In Rio de Janeiro state, civilians continue to be at high risk of being caught in the crossfire of clashes between criminal groups, as well as clashes between these groups and state forces. In Curicica neighborhood, in the West Zone of Rio de Janeiro city, a four-year-old girl was shot in the head and severely injured during a shoot-out between rival police militia groups last week. In Morro do Adeus community, in the North Zone of the city, a nurse on her way to work was shot and injured during an armed clash between Red Command (CV) suspects and military police officers. At least four other civilians were shot and wounded amid shoot-outs in Rio de Janeiro state last week.
Meanwhile, in Chile, heightened levels of violence continued in Santiago for the second consecutive week. In the Metropolitana region, high school students took to the streets to demand improvements to infrastructure conditions and the curriculum, as well as the provision of food grants to students. Demonstrations turned violent in different communes of Santiago, with students installing barricades, throwing Molotov cocktails, and clashing with police forces. Two police officers and three police station maintenance workers were injured in the violence, while rioters set several vehicles on fire and looted commercial establishments. Continued outbreaks of violent demonstration activity contribute to the 134% increase in violence in the Metropolitana region last month relative to the past year flagged by ACLED’s Subnational Threat Tracker. The Subnational Tracker first warned of increased violence to come in Metropolitana in the past month.
In Venezuela, major coordinated protests continued to drive demonstration events across the country last week. On 29 May, retirees took to the streets on National Elders’ Day to demand better pensions, while professional drivers also coordinated protests against increased fuel prices. Meanwhile, health workers went on strike and held nationwide demonstrations outside hospitals after the Ministry of Health failed to deliver promised labor benefits.
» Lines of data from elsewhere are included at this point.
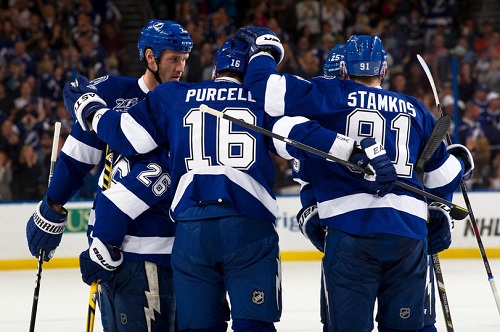 RW Teddy Purcell (1) drove home a one-timer assisted by Stamkos and RW Martin St. Louis to tie the game at 14:34. The assist was Stamkos’ seventh for the season.
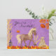~ Este convite de aniversário apresenta um bonito cavalo trotando pelas folhas do outono em um belo fundo roxo. Alguns gráficos por artwork©delightful-doodles.com
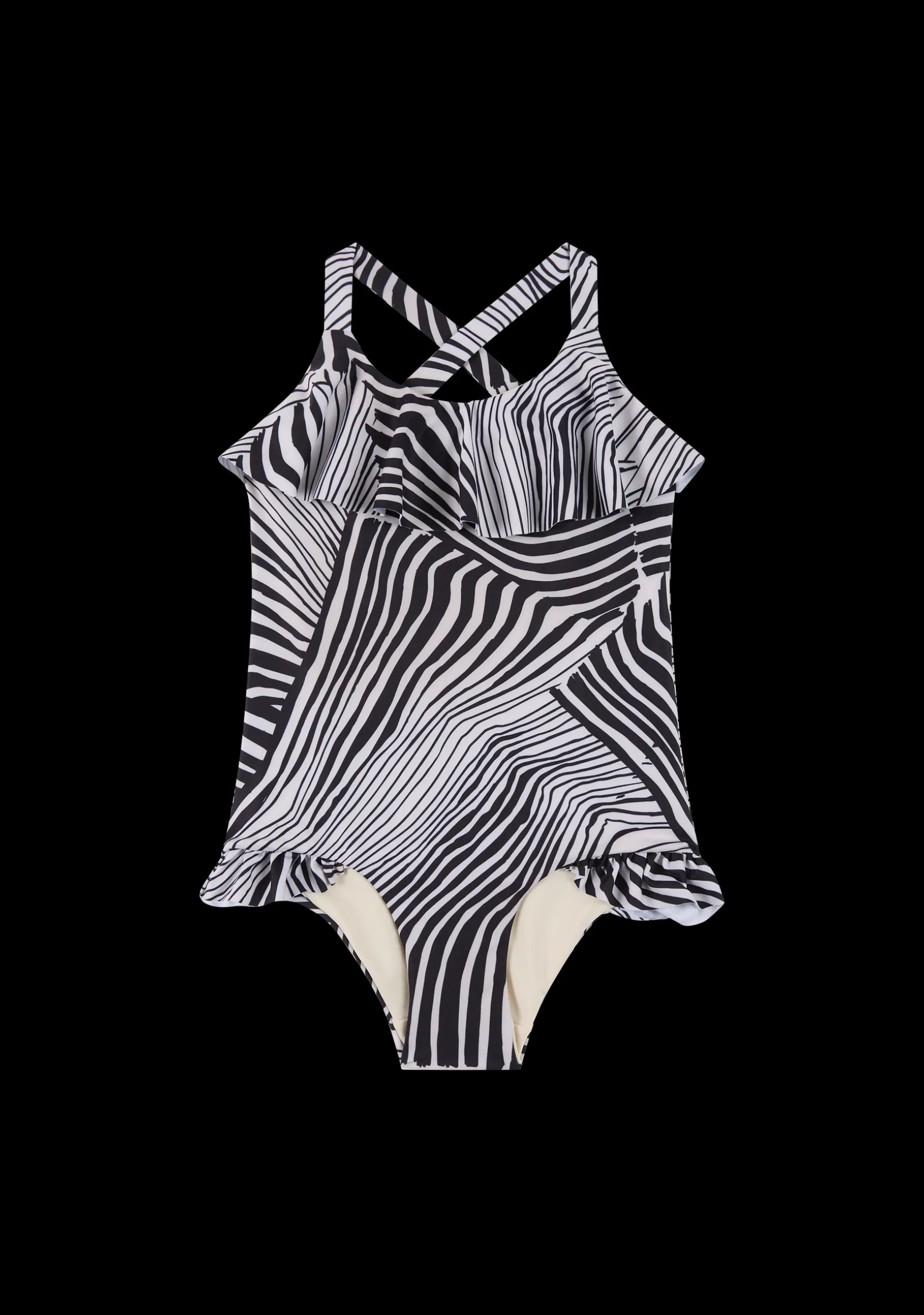This adorable one-piece swimsuit is perfect for a playful beach day. Crafted from eco cloud Lycra and finished with charming ruffle details.
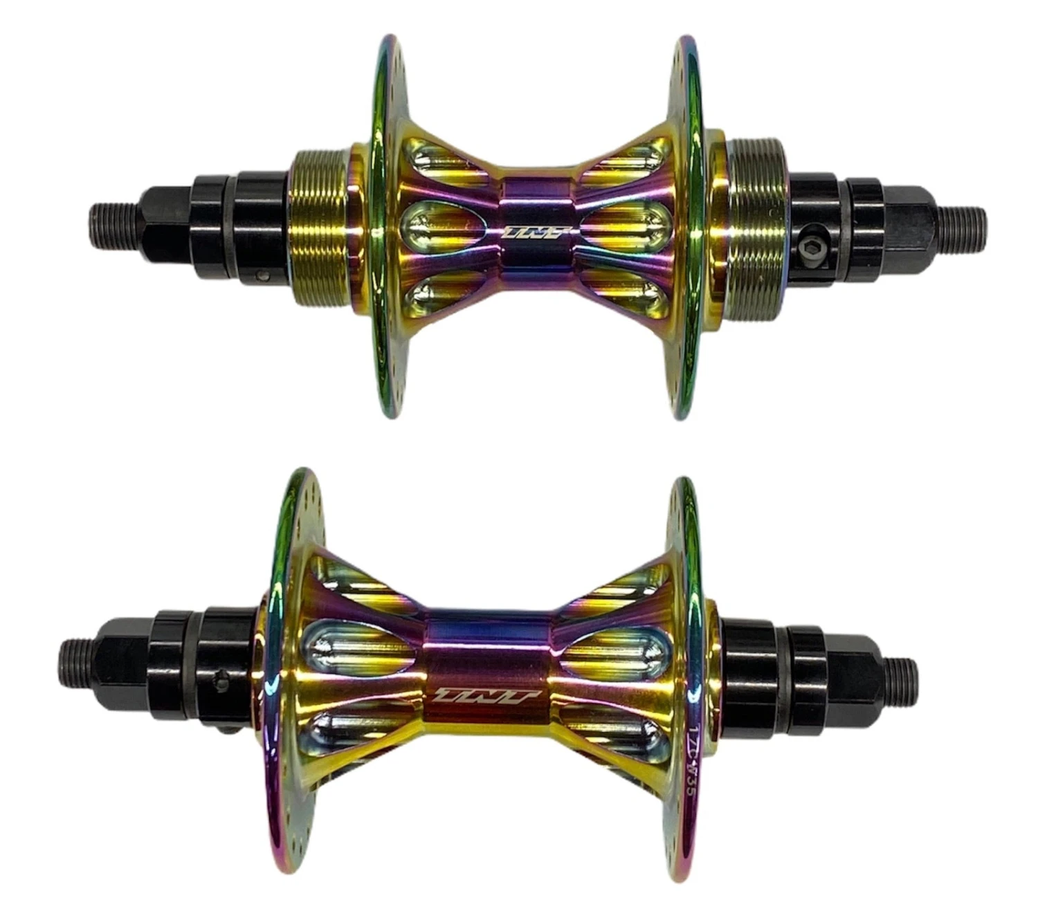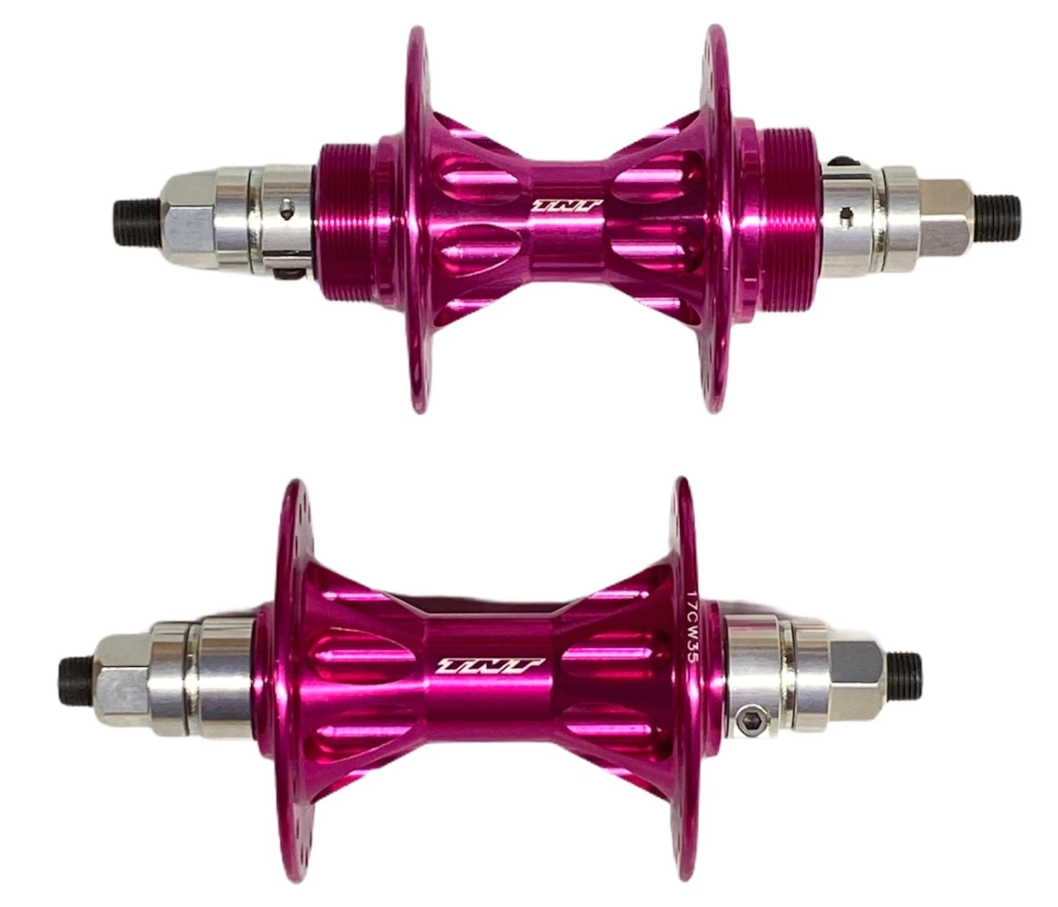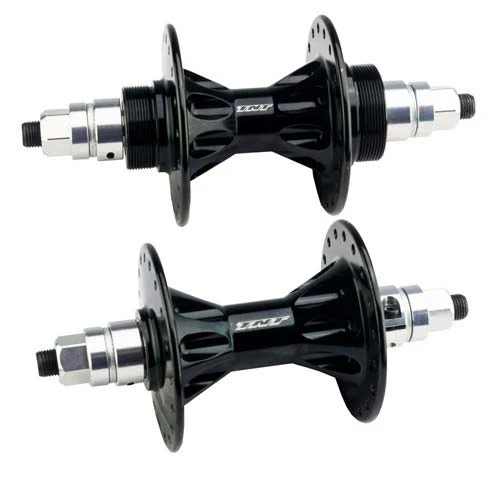 The TNT Revolver High Flange Hubset features all the same great looks and style as they did back in the 80’s. This High Flange hubest includes front and rear hubs, has sealed bearings, chromoly axles and the aluminum bearing collars TNT has always been known for.

Finally, in Argentina, women’s organizations took to the streets last week in several provinces to protest against femicide and gender-based violence under the movement Not One [Woman] Less (Ni una menos, in Spanish). Rallies took place during the seventh anniversary of the movement on 3 June, which started as a plea for justice over the femicide of a pregnant teenager who was killed by her boyfriend in Santa Fé province (Clarín, 3 June 2022). In recent years, the movement has also spread to other Latin American and European countries (Ambito, 3 June 2022).